In the case of the clutch device 10 of the present embodiment, the rolling elements 4, 4 are connected to the cam surfaces 5a, 5a and the friction surfaces 6 regardless of the direction in which the output member 2a rotates.
The reason why the spring 21 presses each of the rolling elements 4 and 4 from both sides in the circumferential direction to restrict the position of each of the rolling elements 4 and 4 in the circumferential direction is that the spring 21 presses the rolling elements 4 and 4 reliably. That's why. On the other hand, in the case of a structure in which the spring presses the rolling element in only one direction, the rolling element can be reliably engaged only when the output member rotates in a direction opposite to the pressing direction of the spring. Can not. In other words, the present invention presses the rolling elements 4 and 4 from both sides in the circumferential direction. Therefore, even when the output member 2a rotates in any direction, all the rolling elements 4 and 4 Engagement can be reliably performed between each of the cam surfaces 5a, 5a and the friction surface 6a.

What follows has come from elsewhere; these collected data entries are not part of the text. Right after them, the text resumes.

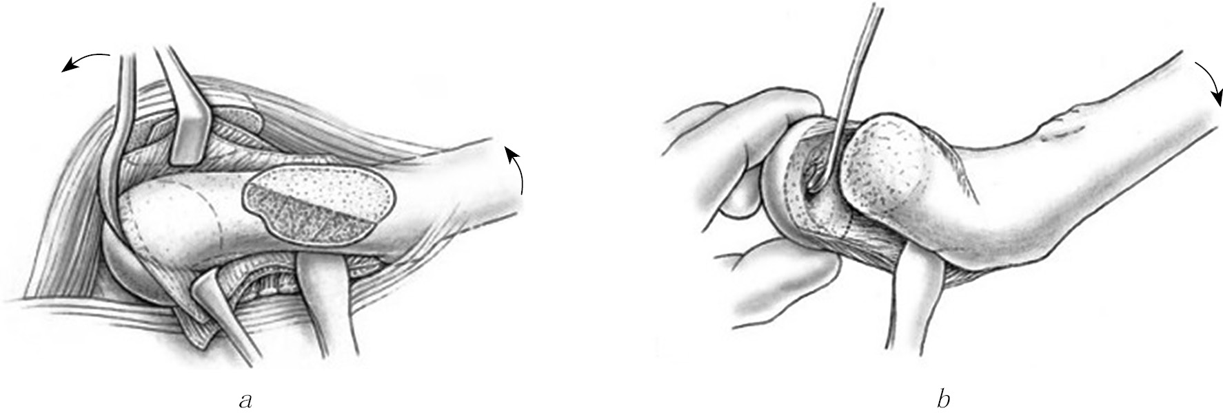 Fig. 2. Technique of modified Dunn surgery: a — osteotomy of the femoral neck; b — removal of the subepiphyseal trabecular bone with the remains of the growth plate [19]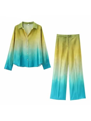 HOT ! Women 2 Pieces Tie Dye Print Shirt Top Straight Leg Pants Sets for Outfit Two Piece Set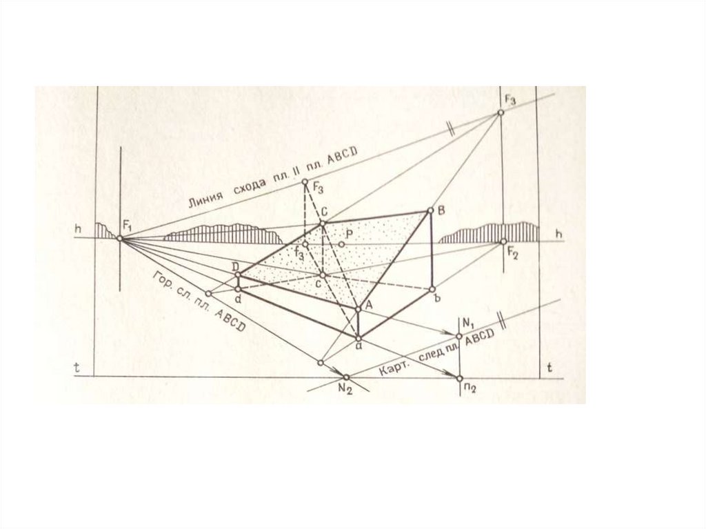 проекция Fп точки Fп‘ находится на линии горизонта. В точку Fп

The rolling elements 4 and 4 have the same size, and the cam surfaces 5a and 5a have the same shape and size. Therefore, when the output member 2a tends to rotate, the rolling elements 4, 4 all bite between the cam surfaces 5a, 5a and the friction surface 6a at the same time. Therefore, the torque applied to the output member 2a can be supported by all the rolling elements 4 and 4, and damage due to an excessive load applied to some of the rolling elements can be prevented. With respect to such a structure of this example, the same function can be exerted even if a plurality of sets (for example, three sets) of one-way clutch mechanisms having different rotation allowable directions are provided between the outer ring and the output member. . However, in this case, when the output shaft tends to rotate, only a part of the rolling elements will support the torque. As a result, the load applied to the motor increases and the torque capacity decreases, which causes a problem in securing durability.

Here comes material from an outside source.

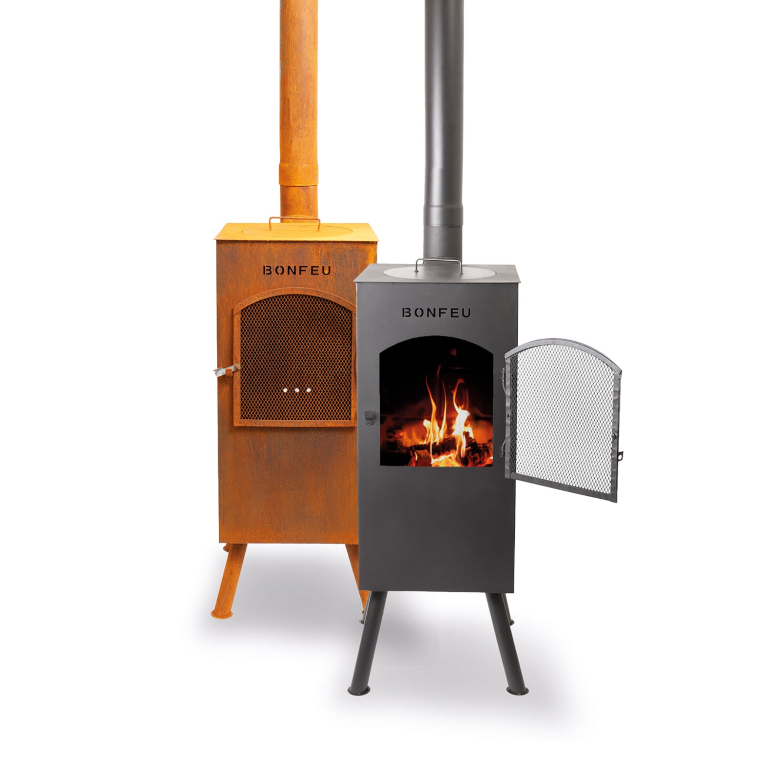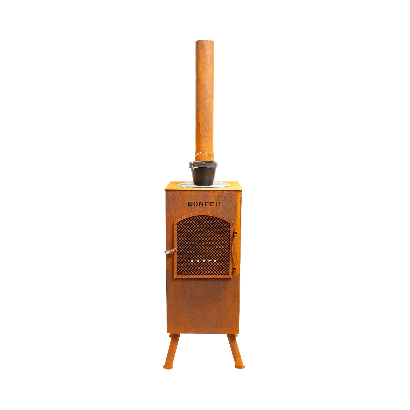 Kominek ogrodowy BonCarré marki BonFeu to średniej wielkości, wielofunkcyjny kominek, który stanie się ozdobą każdego tarasu czy ogrodu. Wyróżnia się spośród innych kominków BonFeu dzięki swojej kwadratowej konstrukcji i czterem nogom, które zapewniają stabilność. Kominek BonCarré wyposażony jest w powłokę odporną na wysokie temperatury, chroniącą przed uszkodzeniami, oraz zdejmowaną osłonę przeciwiskrową, która zapobiega wypadaniu drewna i rozprzestrzenianiu się iskier. Jak większość kominków BonFeu, BonCarré umożliwia również gotowanie.

As described above, the input member 3a and the output member 2
When power is transmitted between the two members 2a and 3a, the output member 2a receives an axial component force F from a helical gear fixed to the output shaft 12 or the like. May be pressed. At this time, if the friction torque acting on the contact portion between the one side surfaces of the two members 2a, 3a is large, the clutch device may malfunction. That is, if the friction torque acting on the contact portion is large, as described above, the input member 3a is transmitted to the output member 2a in order to transmit the rotation of the input member 3a (for example, FIGS. 12 to 13).
When rotated in the counterclockwise direction), each of the engagement recesses 13,
13, the output member 2a is connected to the input member 2a before the inner surface of the input member 13 contacts the outer surface of each of the engagement projections 19, 19.
(In the counterclockwise direction in FIGS. 12 and 13).
As a result, as shown in FIG.
Bites between the cam surfaces 5a, 5a and the friction surface 6a to rotate the input member 3a to the output member 2a.
(The same applies to the case where the input member 3a is rotated clockwise in FIGS. 12 and 13 except that the rotation direction is reversed).

On the other hand, as shown in FIG. 13, the input member 3a is moved from the state where the rolling elements 4, 4 bite between the cam surfaces 5a, 5a and the friction surface 6a (see FIG. 13). 1
3), and the rotation of the input member 3a is transmitted to the output member 2a, the friction torque acting on the contact portion between the one side surfaces of the two members 2a and 3a is considered. Is large, the output member 2a tends to rotate (counterclockwise in FIG. 13) in synchronization with the input member 3a. As a result, the state in which the rolling elements 4, 4 bite between the cam surfaces 5a, 5a and the friction surface 6a is maintained, and the rotation of the input member 3a cannot be transmitted to the output member 2a ( The same applies to the case where the input member 3a is rotated clockwise when the biting positions of the rolling elements 4 and 4 are opposite to the circumferential direction with respect to the state of FIG. 13).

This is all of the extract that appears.